Nesta edição de Dezembro, como já demonstrado na anterior, conforme o Editorial do mês de novembro [1], reduzimos o total de artigos para quatro, por solicitação de muitos leitores. O objetivo é favorecer uma análise mais precisa e conjunta do conteúdo.
A última edição do ano está igualmente instigante.
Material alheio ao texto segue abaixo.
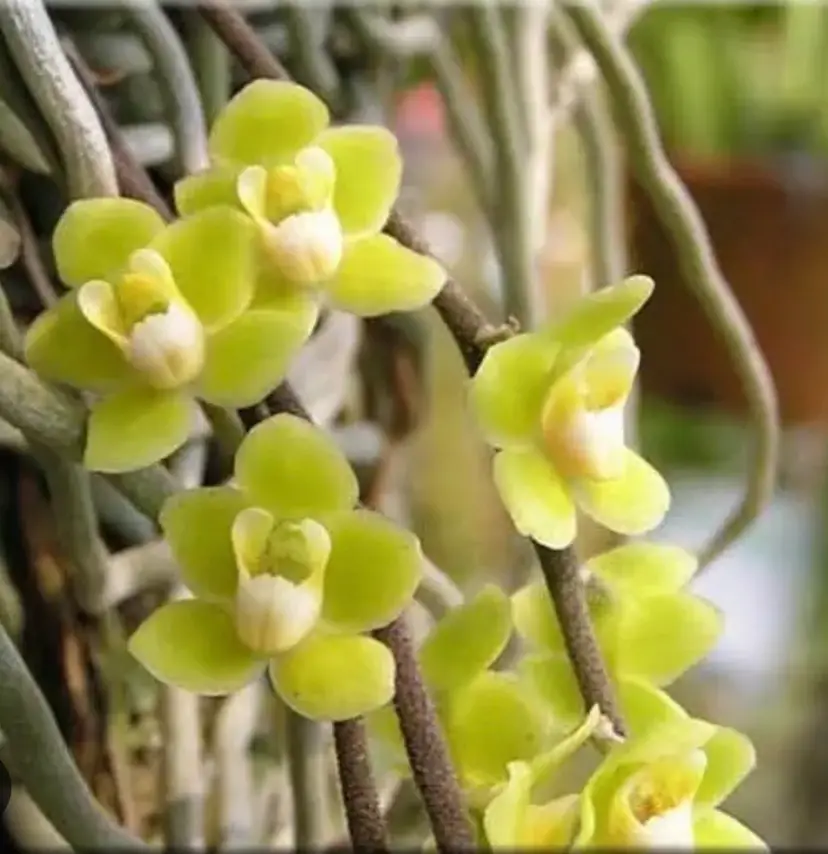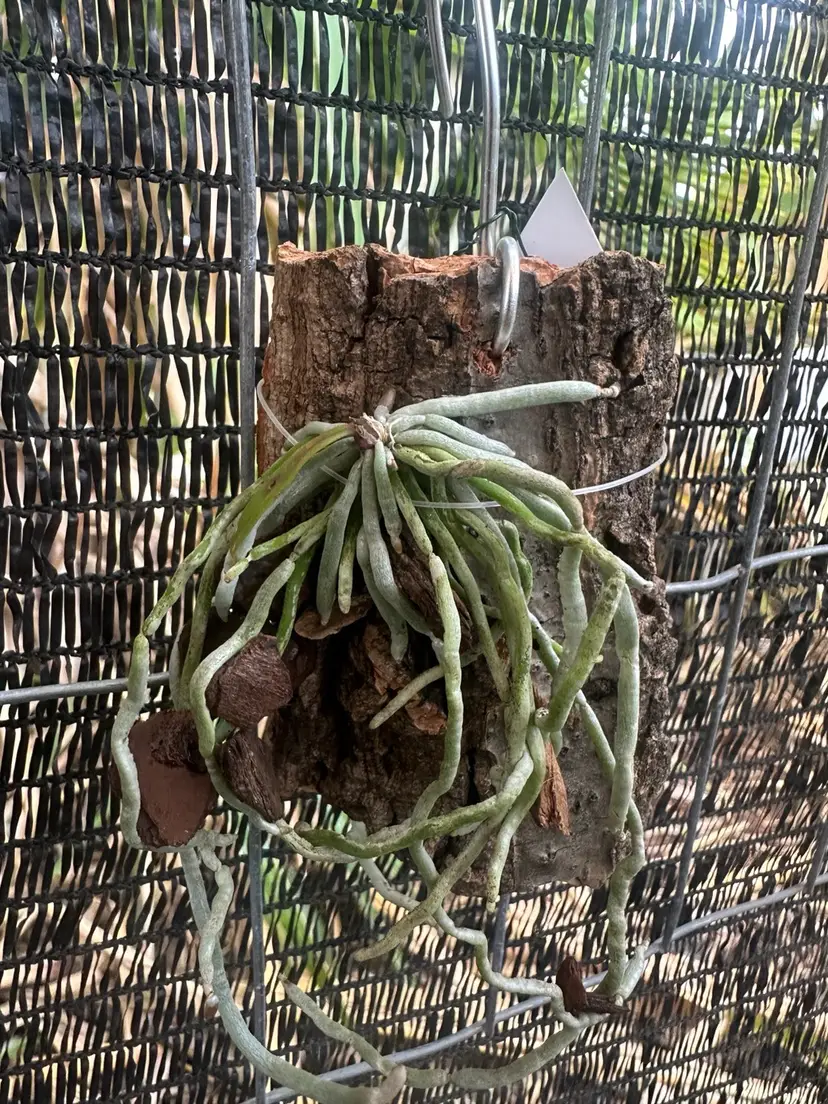 This is a fascinating genus of mostly leafless orchids. They photosynthesize through the roots. Orchid mounted on cork bark. Plant may or may not be actively blooming. Actual plant in second photo.

Na abertura deste número, Denis Denisard nos aponta, a partir do adágio filosófico de Shakespeare (“A tragédia de Hamlet”, Ato III, Cena I), o seu “Adulterar ou não adulterar: eis a questão!”, apresentando que todo espírita convicto, estudioso e sensato deve – a partir da leitura e exame aprofundado de argumentos apresentados por segmentos antagônicos (em termos de ideias e teorias interpretativas, logicamente) –, posicionar-se de maneira tranquila e racional. Dessa forma, diante dos fatos apresentados e da ausência de prova cabal da autoria (de Kardec), a tese da adulteração é patente. Denis ainda sinaliza que irá preparar um Quadro Comparativo entre as duas (distintas) edições, a publicada em vida por Kardec e a que foi editada três anos após a sua desencarnação, para demonstrar, item a item, capítulo a capítulo, as flagrantes diferenças, demonstrando onde, no texto, estão localizadas as agressões ao seu pensamento lúcido, sequencial e sistemático. E a ideia não se restringe ao livro “A Gênese”; será igualmente realizado em relação à obra “O Céu e o Inferno”.
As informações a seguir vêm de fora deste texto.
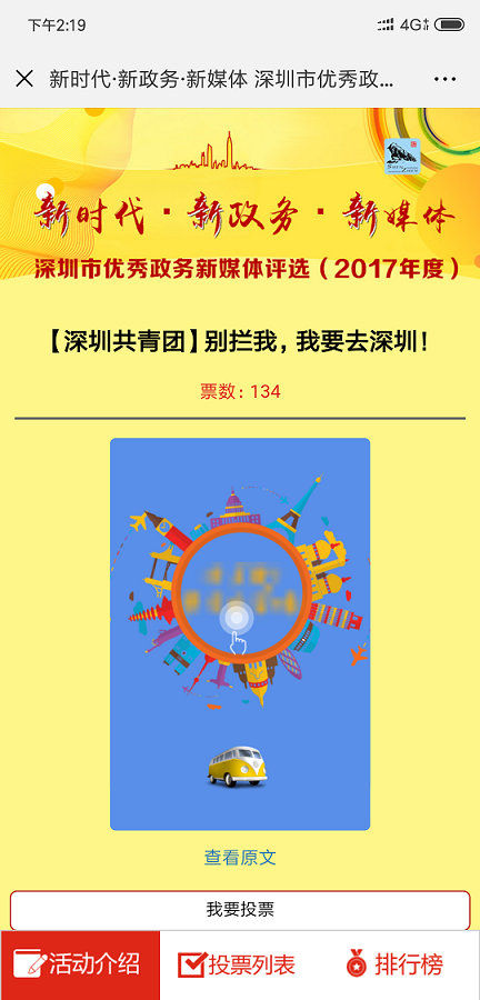 作為中國(guó)"最互聯(lián)網(wǎng)城市〃,深圳近年來大力建 設(shè)政務(wù)新媒體平臺(tái)矩陣,不斷建立健全工作機(jī)制,搭 建起為市民服務(wù)的新渠道、新平臺(tái),涌現(xiàn)出許多優(yōu)秀 的政務(wù)新媒體。廣大市民網(wǎng)友,有哪些政務(wù)微信么, 讓你"欲罷不能〃,有哪位小編讓你〃刻骨銘心〃, 有哪些作品讓你"秒轉(zhuǎn)秒贊"?請(qǐng)為他們投上寶貴一 票吧!本次投票活動(dòng)作為"新時(shí)代新政務(wù)備體"—— 深圳市優(yōu)秀政務(wù)新媒體評(píng)選(2017年度)活動(dòng)的重要 組成部分,其結(jié)果將作為專家評(píng)審類獎(jiǎng)項(xiàng)評(píng)選的重要 參考細(xì),權(quán)重占比50%。

Neste percurso de análise, Marco Milani apresenta o seu ensaio “Hipóteses para o desaparecimento do corpo de Jesus”, focalizando o texto original do Capítulo XV, de “A Gênese”, totalmente em consonância com o já afirmado pelo Codificador, em “O livro dos Médiuns” (itens 72 a 99), para focalizar o transporte e a “invisibilidade” do corpo de Yeshua, após o seu sepultamento, sem deixar de considerar a atitude prudente de transposição (retirada) do corpo, por seus seguidores, temendo que o mesmo fosse destruído pelas autoridades político-religiosas daquele tempo. E repisa que, a edição adulterada retirou o item 67 e renumerou o 68 como sendo o 67, diferentemente do que Kardec escreveu em outra obra (“Catálogo Racional para se fundar uma Biblioteca Espírita”), quando ele taxativamente menciona e recomenda o estudo dos itens 64 a 68 de “A Gênese” – e somente a edição não-adulterada ou autêntica é que consiga estes cinco itens, quando a adulterada tem apenas quatro, encerrando no número 67.
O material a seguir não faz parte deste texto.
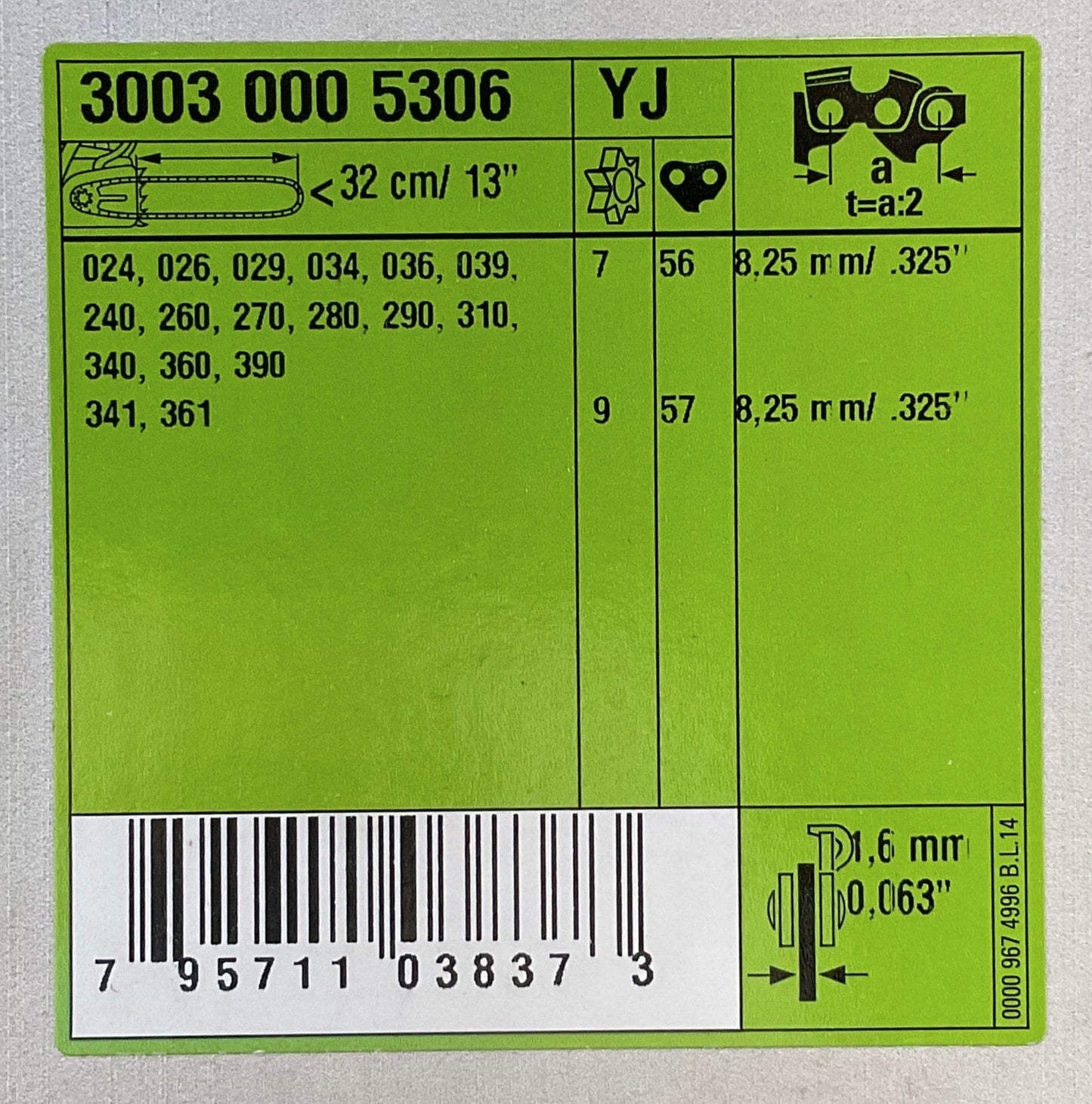 30030005306 uses a 0.325" pitch chain, 1.6mm (0.063") with 56 drive links.

Na sequência, Stanislaw Santiago, no texto “Cortinas de Fumaça”, procede à análise dos argumentos contidos em uma “Nota Oficial” da federativa nacional sobre a “veracidade” da edição (póstuma) de 1872, de “A Gênese”, refutando-os em sua essência e permitindo entender o porquê da “necessidade” de manutenção do “status quo”, na defesa de uma “unidade” de atitudes e oficialidades da entidade que se autointitula a representante de Kardec em território brasileiro.
Henri Netto fecha a edição com a reflexão “À procura da dúvida: onde está a verdade?”. O articulista aborda o comportamento de muitos espíritas, que não leem nem estudam a fundo e comparativamente, não só as edições distintas de obras kardecianas, como, também, a estrutura sequencial e sistemática do conjunto de obras que ele publicou; não conhecem a lógica de produção e “decantação” dos textos produzidos por Kardec e a ideia essencial da concordância entre os ensinos dos Espíritos (Inteligências Invisíveis), a partir dos exemplares da “Revue Spirite”. Além disso, sucumbem diante das “novidades” apostas individualmente por dados Espíritos, sem a regra de confirmação das verdades doutrinárias instituída por Kardec, colocando, lado a lado, tais “revelações” mediúnicas com o conteúdo fundamental das obras kardecianas. O autor sublinha textos de “O Céu e o Inferno” e “A Gênese” que, nas edições adulteradas, rompem com a lógica racional e com a estruturação dos fundamentos e princípios espíritas, e que a validação das edições póstumas, por seus subscritores e pela “grande massa de espíritas”, que não conhecem as obras nem as estudam, materializa a prescrição atribuída a Jesus de Nazaré, no tocante à existência de “cegos guiando cegos”.
Conceitos alienígenas
A edição de dezembro da Revista Harmonia, mantém sua qualidade editorial, com uma grande diversidade de autores e abordagens. Mas a atenção da nossa equipe não para. Seguiremos apontando em textos, editoriais e lives, as questões que envolvam a deturpação do conteúdo da Filosofia Espírita, marcadamente quando o objetivo seja introduzir temas e conceitos alienígenas, totalmente contrários a fundamentos e princípios da Doutrina dos Espíritos, egressas de quem forem, sejam encarnados ou desencarnados. Desde a fundação do “Espiritismo COM Kardec”, nosso compromisso reside na educação e no respeito. Pontualmente, prosseguiremos destacando comportamentos, posturas e iniciativas – como já aconteceu por diversas vezes na História da Humanidade – voltados à deturpação da mensagem espiritual, seja a de Jesus de Nazaré, seja a do próprio Espiritismo, tendo Kardec com o seu idealizador e organizador.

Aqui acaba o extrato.